# INFORMATION
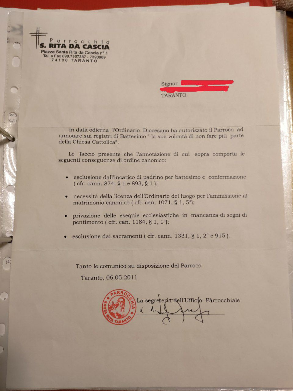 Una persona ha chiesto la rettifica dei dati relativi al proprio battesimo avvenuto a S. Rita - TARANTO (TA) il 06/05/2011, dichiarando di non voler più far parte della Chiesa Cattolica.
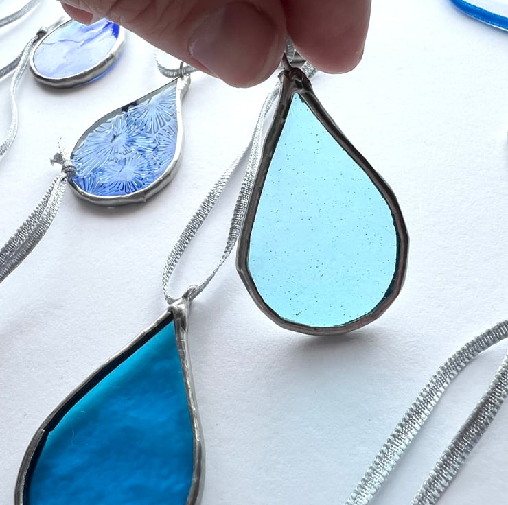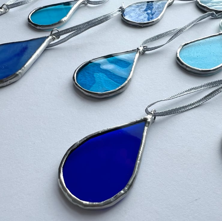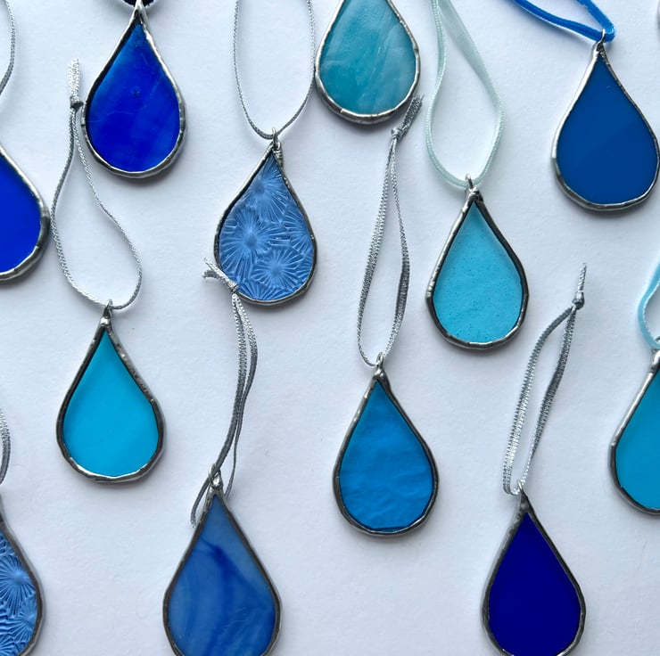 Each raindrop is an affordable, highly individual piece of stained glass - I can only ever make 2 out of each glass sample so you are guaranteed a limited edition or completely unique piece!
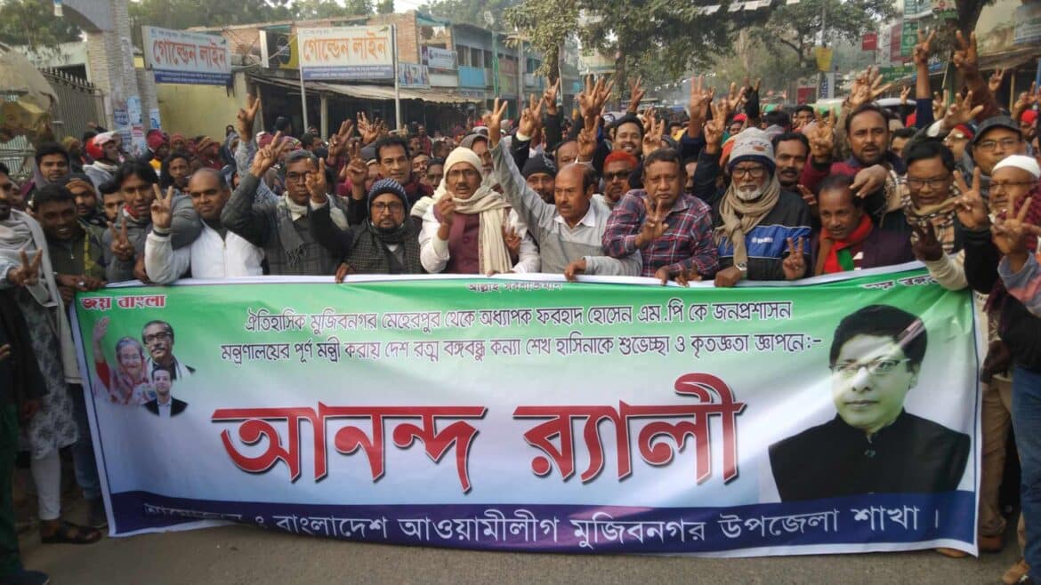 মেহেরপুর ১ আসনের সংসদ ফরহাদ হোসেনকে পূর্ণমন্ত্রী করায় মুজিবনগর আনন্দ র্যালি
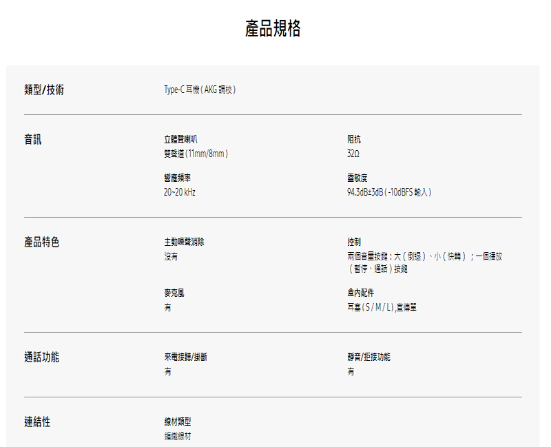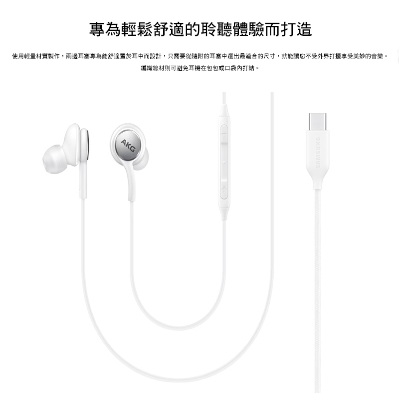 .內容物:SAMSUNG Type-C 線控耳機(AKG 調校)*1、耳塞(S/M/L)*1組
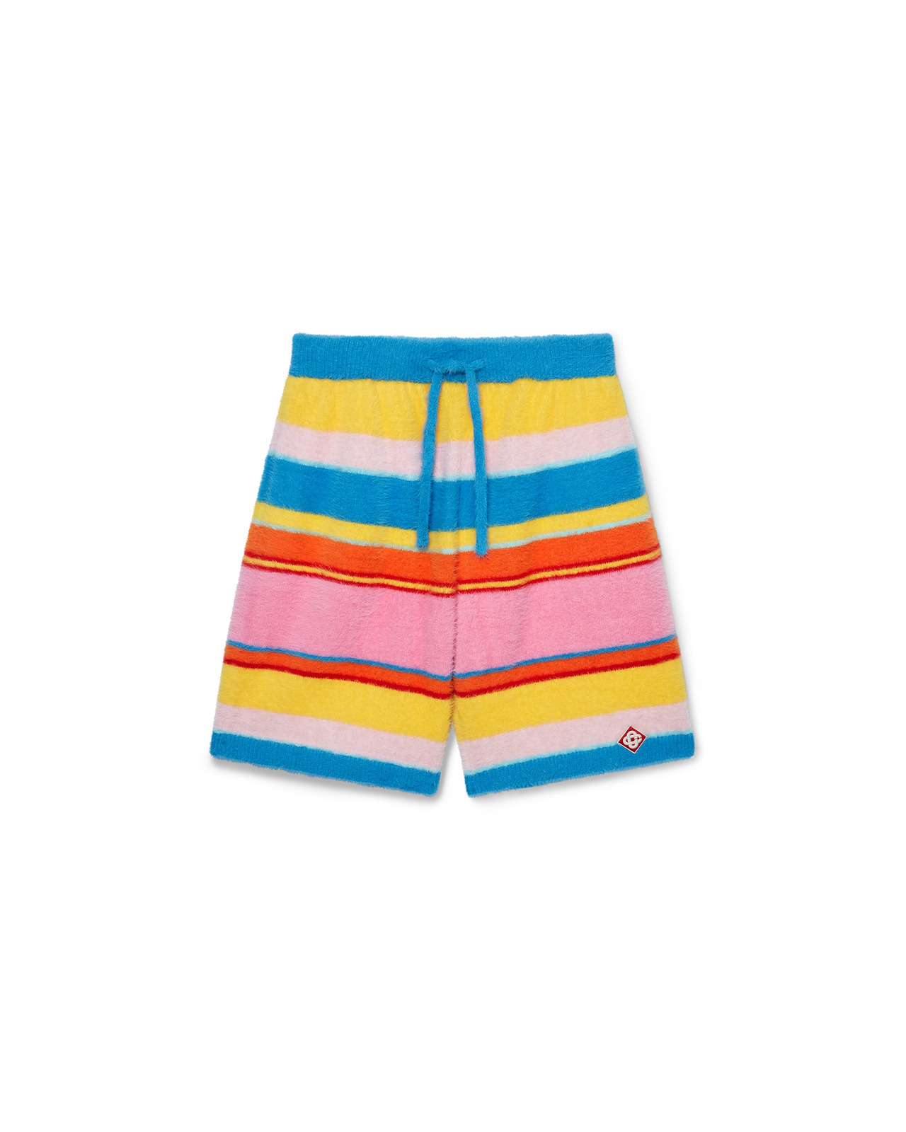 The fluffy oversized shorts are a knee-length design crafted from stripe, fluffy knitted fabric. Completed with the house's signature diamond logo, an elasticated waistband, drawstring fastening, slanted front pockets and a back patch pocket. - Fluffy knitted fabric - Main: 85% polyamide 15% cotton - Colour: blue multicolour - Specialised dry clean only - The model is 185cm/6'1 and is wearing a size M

...

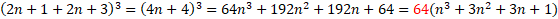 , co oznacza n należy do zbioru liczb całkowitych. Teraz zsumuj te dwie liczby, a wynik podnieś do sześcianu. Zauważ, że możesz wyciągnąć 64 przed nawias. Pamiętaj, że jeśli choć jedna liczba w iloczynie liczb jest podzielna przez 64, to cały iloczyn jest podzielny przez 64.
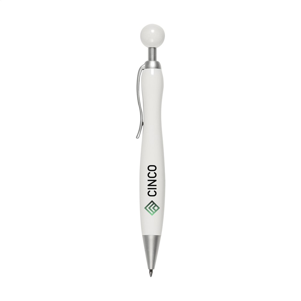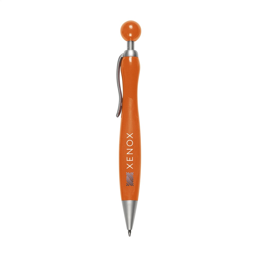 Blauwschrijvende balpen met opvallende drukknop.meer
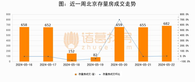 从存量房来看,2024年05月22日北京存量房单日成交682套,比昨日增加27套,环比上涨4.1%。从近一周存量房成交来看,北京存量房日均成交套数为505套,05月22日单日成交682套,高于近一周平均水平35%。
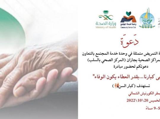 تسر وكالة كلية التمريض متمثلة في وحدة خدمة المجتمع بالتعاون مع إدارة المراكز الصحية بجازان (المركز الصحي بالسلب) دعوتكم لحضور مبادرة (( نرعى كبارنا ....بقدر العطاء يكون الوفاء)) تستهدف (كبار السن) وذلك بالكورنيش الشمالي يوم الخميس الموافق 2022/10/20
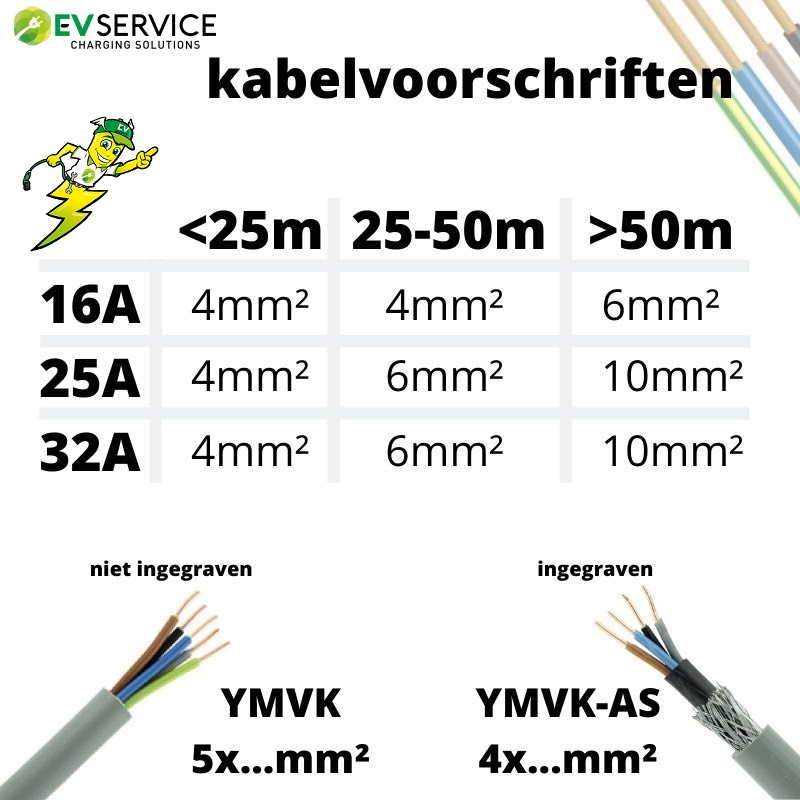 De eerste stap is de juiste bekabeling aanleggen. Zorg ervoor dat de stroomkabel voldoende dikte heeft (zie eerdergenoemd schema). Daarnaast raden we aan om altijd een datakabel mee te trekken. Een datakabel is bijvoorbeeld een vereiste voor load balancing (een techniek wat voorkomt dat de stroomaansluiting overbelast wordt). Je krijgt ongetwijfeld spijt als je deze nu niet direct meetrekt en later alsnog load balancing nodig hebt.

---

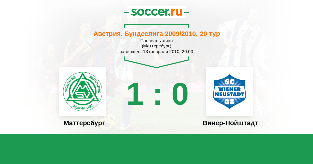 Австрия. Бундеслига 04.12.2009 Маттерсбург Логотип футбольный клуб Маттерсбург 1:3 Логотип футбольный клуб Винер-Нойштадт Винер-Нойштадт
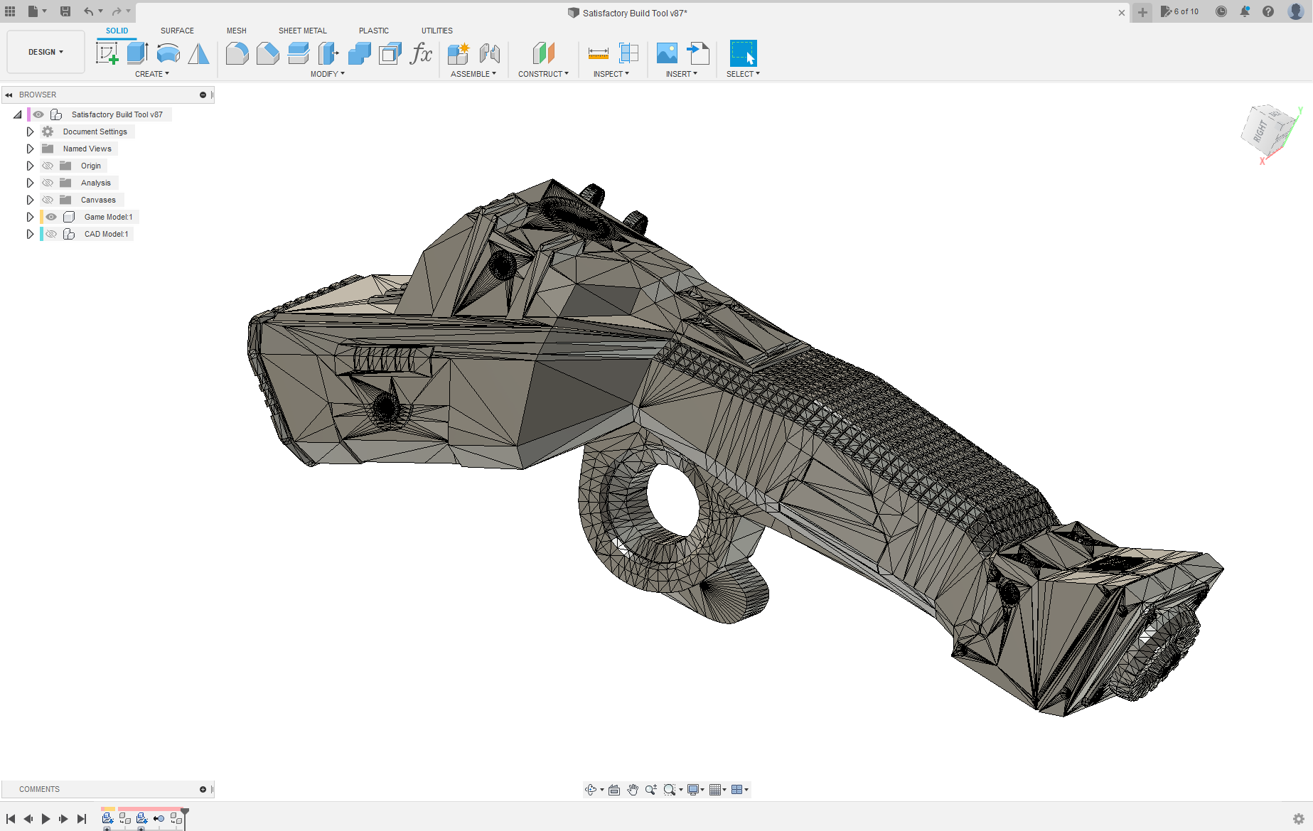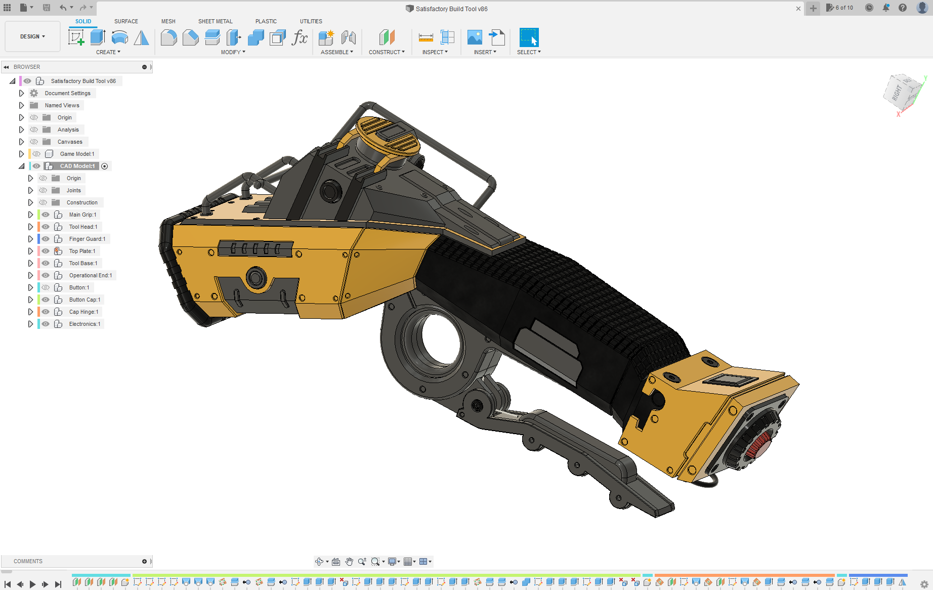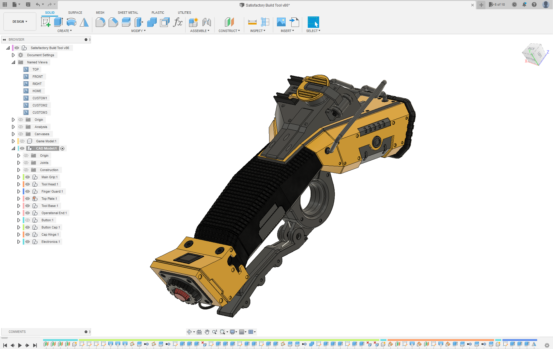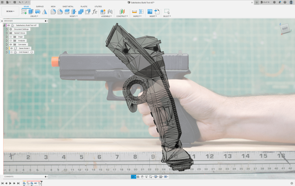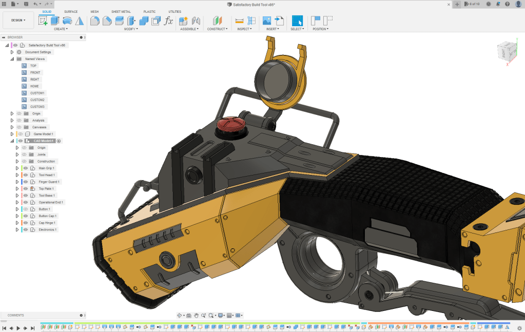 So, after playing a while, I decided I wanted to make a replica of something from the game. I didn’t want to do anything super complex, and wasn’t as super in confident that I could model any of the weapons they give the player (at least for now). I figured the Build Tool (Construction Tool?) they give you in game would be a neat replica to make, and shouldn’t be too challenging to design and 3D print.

# TASK OBJECTIVE
Reproduce the lines above beginning at the line that contains "تسر وكالة كلية" and ending at the line that contains "De eerste stap". No pictures.

# RESULT FOR THIS EXERCISE
 تسر وكالة كلية التمريض متمثلة في وحدة خدمة المجتمع بالتعاون مع إدارة المراكز الصحية بجازان (المركز الصحي بالسلب) دعوتكم لحضور مبادرة (( نرعى كبارنا ....بقدر العطاء يكون الوفاء)) تستهدف (كبار السن) وذلك بالكورنيش الشمالي يوم الخميس الموافق 2022/10/20
 De eerste stap is de juiste bekabeling aanleggen. Zorg ervoor dat de stroomkabel voldoende dikte heeft (zie eerdergenoemd schema). Daarnaast raden we aan om altijd een datakabel mee te trekken. Een datakabel is bijvoorbeeld een vereiste voor load balancing (een techniek wat voorkomt dat de stroomaansluiting overbelast wordt). Je krijgt ongetwijfeld spijt als je deze nu niet direct meetrekt en later alsnog load balancing nodig hebt.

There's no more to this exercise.